Exploration-Stage Mining Company Continental Gold Is Optimistic About Moving into Project Financing Stage
This week, Continental Gold completed channel sampling results in its large Buriticá mine project, and the firm considers the results positive enough that it is now looking to advance into the project financing and development stage. While environmental permitting remains a hurdle, the eight-year-old mining company believes the paperwork can be completed this year to pave the way towards its larger goal.
“Combining these broad and high-grade channel sampling results with the excellent results encountered in our long-hole trial mining test stope announced on May 3, 2016 provides us with reason to be optimistic about the possibility of introducing wider, more productive extraction methods to certain areas,” said company CEO Ari Sussman. “We look forward to completing environmental permitting later this year and commencing project financing and development shortly thereafter.”
Continental Gold, an advanced-stage exploration mining company in precious metals, holds the rights to explore and develop more than 122,000 hectares in Colombia across six properties. It has 100% control of its largest location, the 61,784-hectare Buriticá project in the Antioquia department, and anticipates high-level returns from the two largest systems explored there so far, the Yaraguá and Veta Sur systems.
“Underground development sampling at Yaraguá continues to deliver high-grade results over significant true widths,” said Ari Sussman, Continental’s chief executive.
In response to the test results, Clarus Securities raised both its FY2019 and FY2020 earnings per share estimates for Continental Gold. This follows a target price increase by Dundee Securities in April. In the same month, RBC Capital, on the other hand, cut its target price for Continental shares.

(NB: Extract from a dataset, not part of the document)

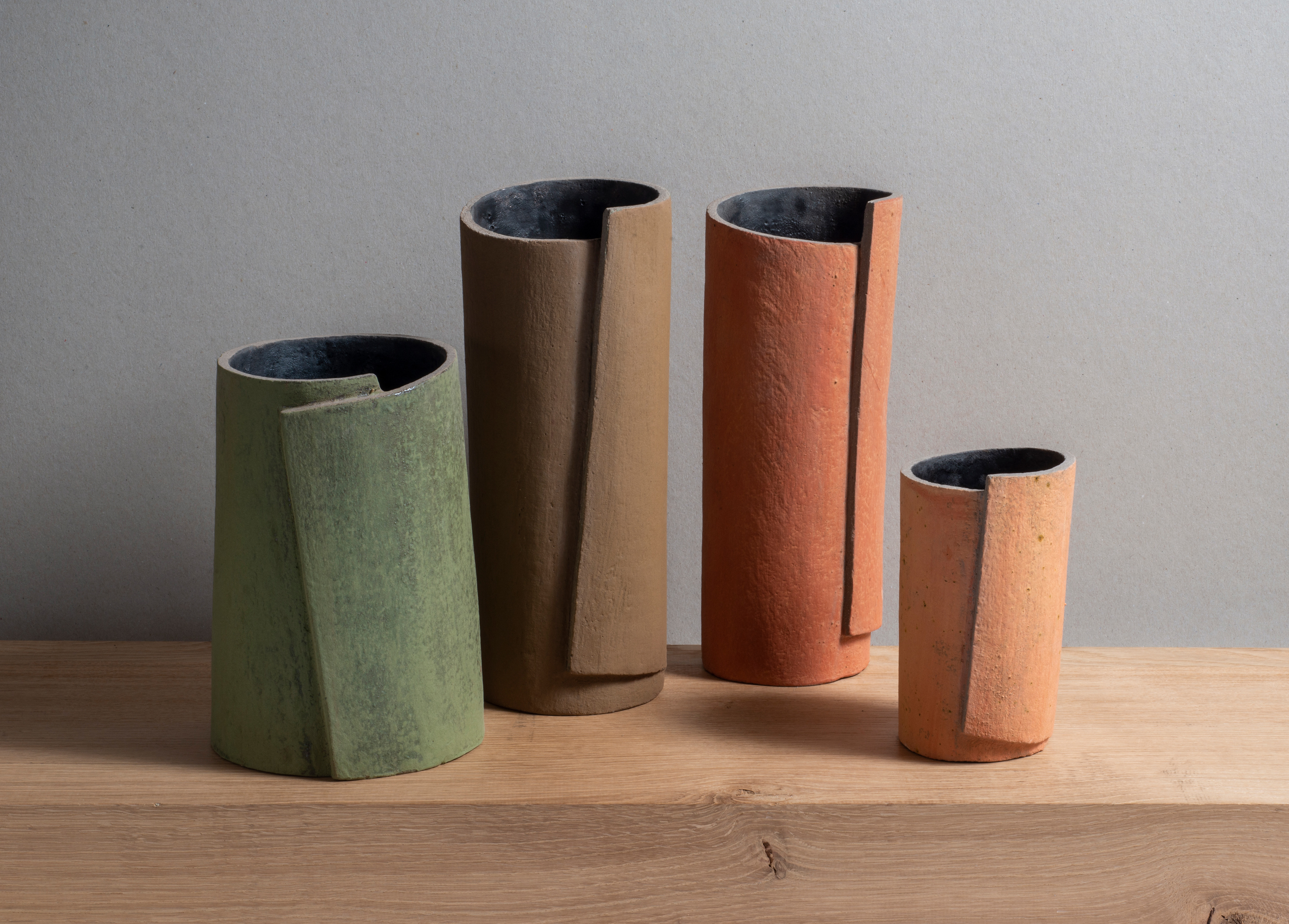 Au départ l’évidence qu’un volume peut se bâtir à partir d’une surface. Une plaque d’argile molle, sans déchirure, enveloppe un vide en laissant la construction apparente. Cuisson haute température, engobes de terres, oxydes métalliques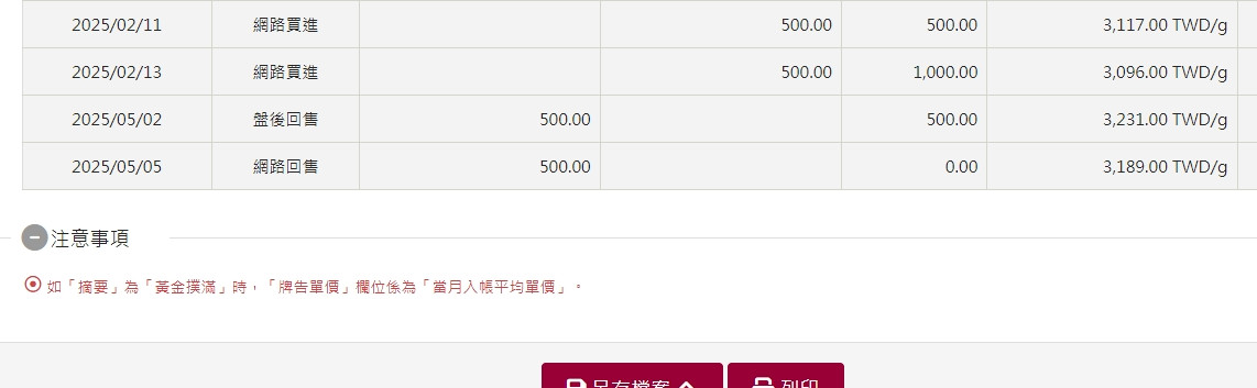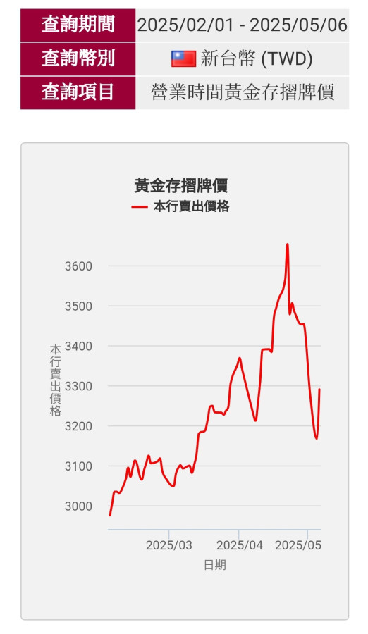 因我查了黃金這一年的歷史,高點都只有一天,前後會差 20-30間,所以我賭晚間出清美價黃金(本來要出一半,後來算了,將另一半也趕在最後二分鐘出清)

The company begin preparing to be listed on the Colombia stock exchange, Bolsa de Valores de Colombia, early in 2015. Its original estimates included a total of 4.2 million ounces of gold, 13.1 million ounces of silver, and 111 million pounds of zinc ore at the Buriticá project.
The sample results also follow a recent shake up in the company’s board of directors. René Marion, director of the board, announced his resignation a week earlier on June 22. “My resignation is for personal reasons and does not take away my enthusiasm for the Buriticá project, which I believe will become a world class operation,” said Marion in a statement.